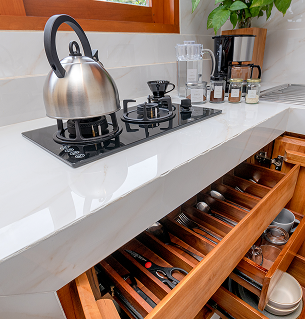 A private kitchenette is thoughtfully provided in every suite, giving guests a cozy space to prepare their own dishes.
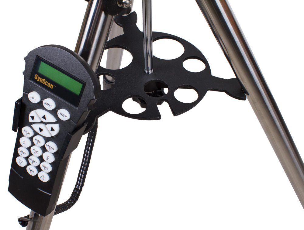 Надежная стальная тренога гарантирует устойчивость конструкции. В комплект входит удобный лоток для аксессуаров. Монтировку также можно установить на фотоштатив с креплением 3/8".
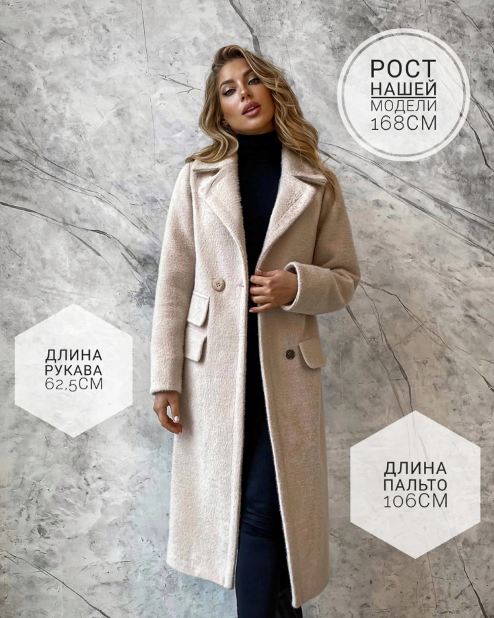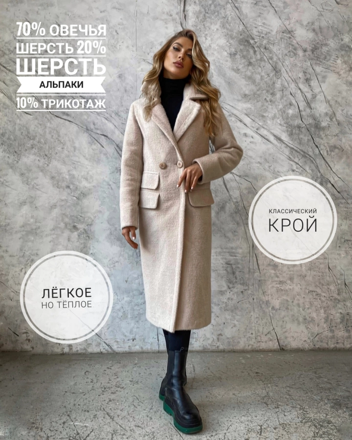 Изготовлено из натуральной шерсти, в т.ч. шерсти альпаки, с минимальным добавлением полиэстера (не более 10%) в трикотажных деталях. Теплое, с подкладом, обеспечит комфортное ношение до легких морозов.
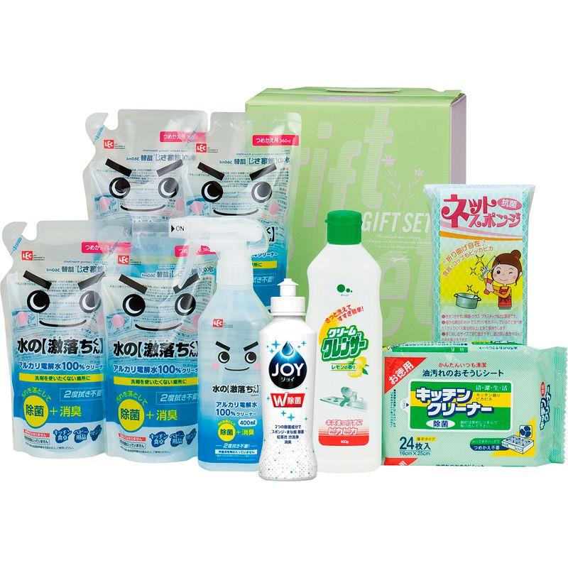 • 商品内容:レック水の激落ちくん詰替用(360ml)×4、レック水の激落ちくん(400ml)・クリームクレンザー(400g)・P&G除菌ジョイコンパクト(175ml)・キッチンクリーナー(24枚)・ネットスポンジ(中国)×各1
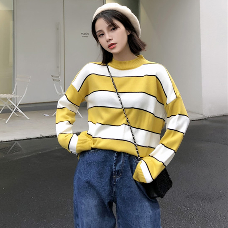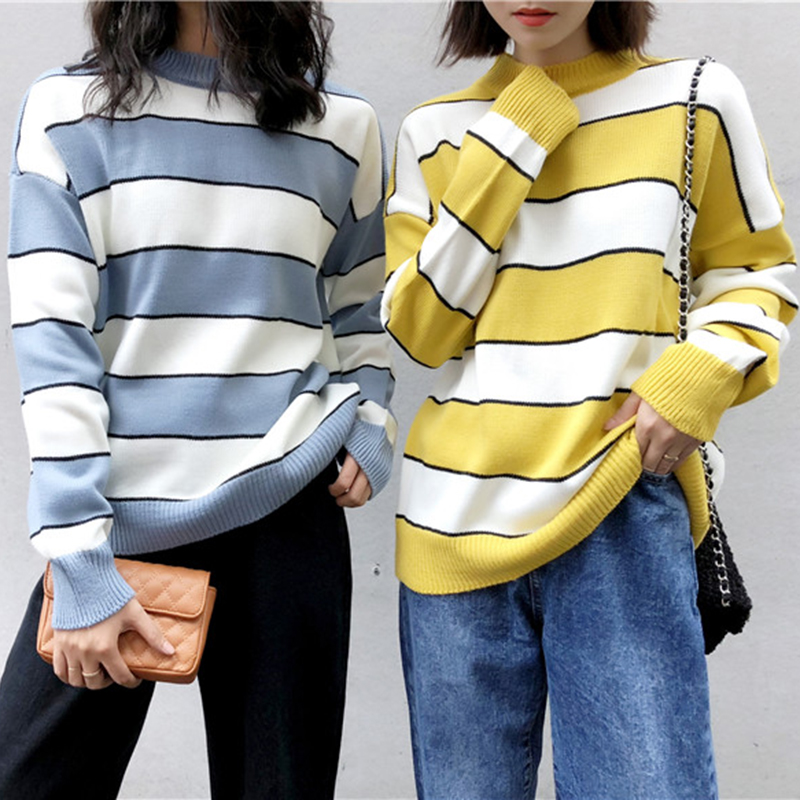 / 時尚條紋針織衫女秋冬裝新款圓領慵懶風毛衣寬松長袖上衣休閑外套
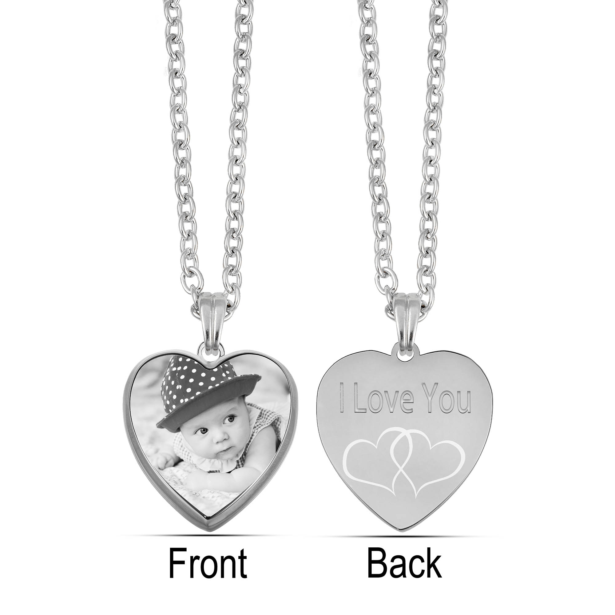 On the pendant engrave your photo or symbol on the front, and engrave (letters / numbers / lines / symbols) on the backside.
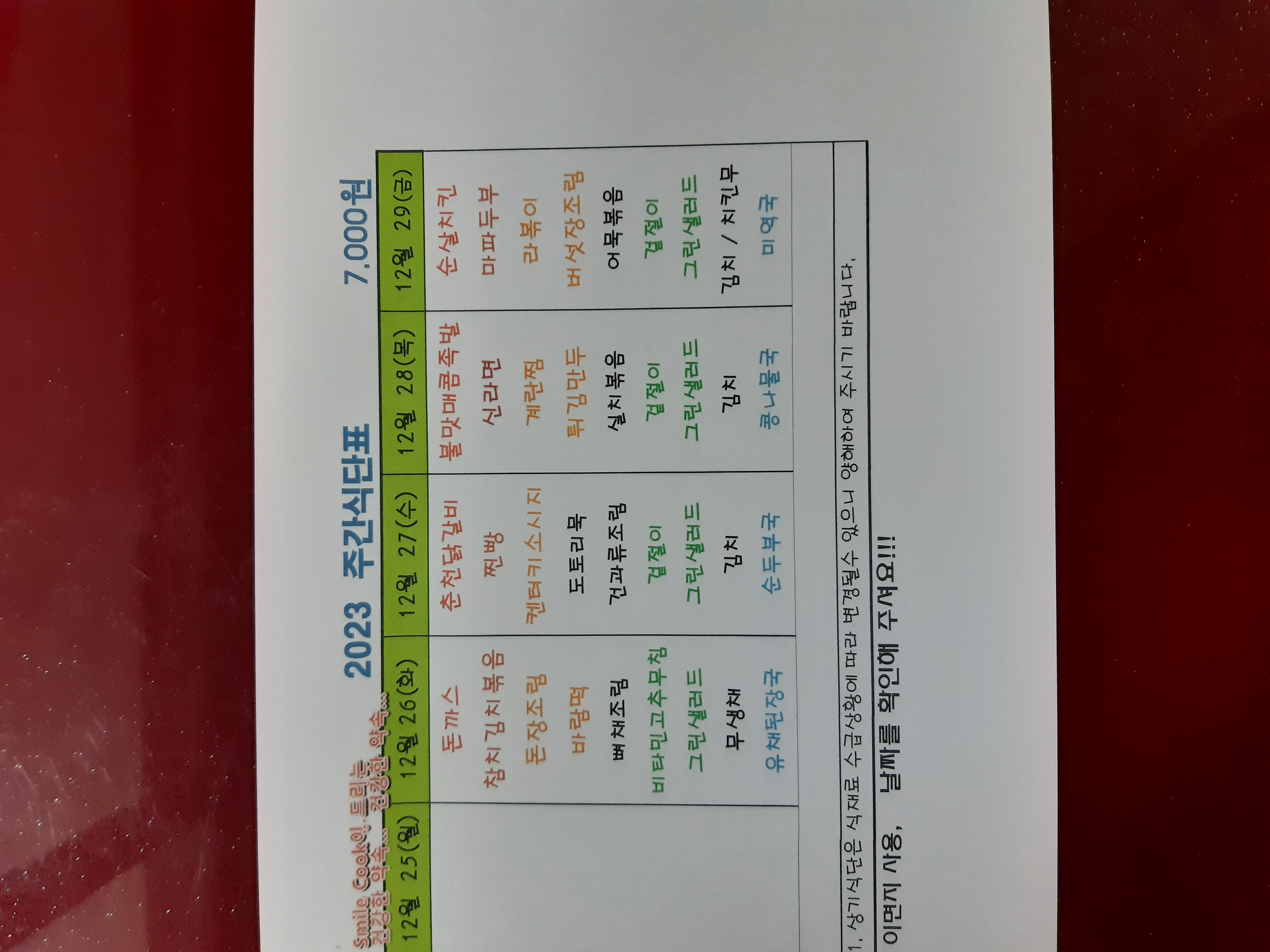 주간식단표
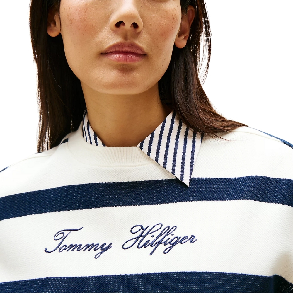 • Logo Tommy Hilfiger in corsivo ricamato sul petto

------------------------------------

Work instructions ::
An exact retyping of the entries, without images, is the required answer.

Finished exercise ::
 A private kitchenette is thoughtfully provided in every suite, giving guests a cozy space to prepare their own dishes.
 Надежная стальная тренога гарантирует устойчивость конструкции. В комплект входит удобный лоток для аксессуаров. Монтировку также можно установить на фотоштатив с креплением 3/8".
 Изготовлено из натуральной шерсти, в т.ч. шерсти альпаки, с минимальным добавлением полиэстера (не более 10%) в трикотажных деталях. Теплое, с подкладом, обеспечит комфортное ношение до легких морозов.
 • 商品内容:レック水の激落ちくん詰替用(360ml)×4、レック水の激落ちくん(400ml)・クリームクレンザー(400g)・P&G除菌ジョイコンパクト(175ml)・キッチンクリーナー(24枚)・ネットスポンジ(中国)×各1
 / 時尚條紋針織衫女秋冬裝新款圓領慵懶風毛衣寬松長袖上衣休閑外套
 On the pendant engrave your photo or symbol on the front, and engrave (letters / numbers / lines / symbols) on the backside.
 주간식단표
 • Logo Tommy Hilfiger in corsivo ricamato sul petto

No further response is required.